### EXERCISE REQUIREMENTS
In the entries below, find the line with "Στο 1,722 ευρώ" and the line with "肟型智能調色線由以下主要部件". Reproduce those two lines and every line between them exactly, and nothing more.
━━━ EXTRACTED MATERIAL
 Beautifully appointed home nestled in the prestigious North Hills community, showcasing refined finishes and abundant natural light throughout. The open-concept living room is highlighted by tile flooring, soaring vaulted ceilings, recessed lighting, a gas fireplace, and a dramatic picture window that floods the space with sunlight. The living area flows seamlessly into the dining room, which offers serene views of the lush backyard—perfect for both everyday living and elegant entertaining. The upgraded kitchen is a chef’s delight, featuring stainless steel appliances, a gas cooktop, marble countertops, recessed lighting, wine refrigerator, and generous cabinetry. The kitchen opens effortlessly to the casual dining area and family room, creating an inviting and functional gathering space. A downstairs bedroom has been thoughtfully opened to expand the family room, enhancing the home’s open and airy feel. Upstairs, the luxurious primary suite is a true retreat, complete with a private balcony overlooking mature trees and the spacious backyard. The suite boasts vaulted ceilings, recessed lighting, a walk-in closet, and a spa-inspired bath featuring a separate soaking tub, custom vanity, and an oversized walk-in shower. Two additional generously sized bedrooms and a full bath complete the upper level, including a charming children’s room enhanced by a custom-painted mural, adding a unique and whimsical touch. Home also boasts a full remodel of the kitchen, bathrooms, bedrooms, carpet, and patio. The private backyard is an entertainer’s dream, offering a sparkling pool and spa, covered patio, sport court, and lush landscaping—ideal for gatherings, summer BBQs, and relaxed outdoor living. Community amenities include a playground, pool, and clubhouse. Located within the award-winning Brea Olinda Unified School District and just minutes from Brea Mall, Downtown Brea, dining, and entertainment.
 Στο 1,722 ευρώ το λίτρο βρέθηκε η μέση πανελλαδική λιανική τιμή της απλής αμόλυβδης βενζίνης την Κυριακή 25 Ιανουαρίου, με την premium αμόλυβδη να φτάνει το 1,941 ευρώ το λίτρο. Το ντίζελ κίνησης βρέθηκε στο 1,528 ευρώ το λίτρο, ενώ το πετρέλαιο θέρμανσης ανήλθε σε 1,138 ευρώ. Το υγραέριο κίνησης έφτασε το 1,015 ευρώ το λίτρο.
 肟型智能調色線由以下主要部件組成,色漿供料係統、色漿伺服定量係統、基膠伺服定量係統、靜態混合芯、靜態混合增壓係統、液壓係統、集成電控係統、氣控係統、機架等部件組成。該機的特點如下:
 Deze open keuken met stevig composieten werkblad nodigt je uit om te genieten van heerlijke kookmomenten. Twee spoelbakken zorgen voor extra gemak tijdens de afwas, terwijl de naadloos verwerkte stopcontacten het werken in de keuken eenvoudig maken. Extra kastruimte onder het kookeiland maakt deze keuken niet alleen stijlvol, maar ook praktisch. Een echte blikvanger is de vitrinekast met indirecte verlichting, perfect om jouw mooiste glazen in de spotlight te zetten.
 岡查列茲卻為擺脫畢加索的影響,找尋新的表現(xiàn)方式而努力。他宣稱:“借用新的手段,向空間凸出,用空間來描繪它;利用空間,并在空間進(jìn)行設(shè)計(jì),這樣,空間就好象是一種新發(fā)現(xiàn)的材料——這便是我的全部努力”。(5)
━━━━━━
### ANSWER FOR THIS EXERCISE
 Στο 1,722 ευρώ το λίτρο βρέθηκε η μέση πανελλαδική λιανική τιμή της απλής αμόλυβδης βενζίνης την Κυριακή 25 Ιανουαρίου, με την premium αμόλυβδη να φτάνει το 1,941 ευρώ το λίτρο. Το ντίζελ κίνησης βρέθηκε στο 1,528 ευρώ το λίτρο, ενώ το πετρέλαιο θέρμανσης ανήλθε σε 1,138 ευρώ. Το υγραέριο κίνησης έφτασε το 1,015 ευρώ το λίτρο.
 肟型智能調色線由以下主要部件組成,色漿供料係統、色漿伺服定量係統、基膠伺服定量係統、靜態混合芯、靜態混合增壓係統、液壓係統、集成電控係統、氣控係統、機架等部件組成。該機的特點如下:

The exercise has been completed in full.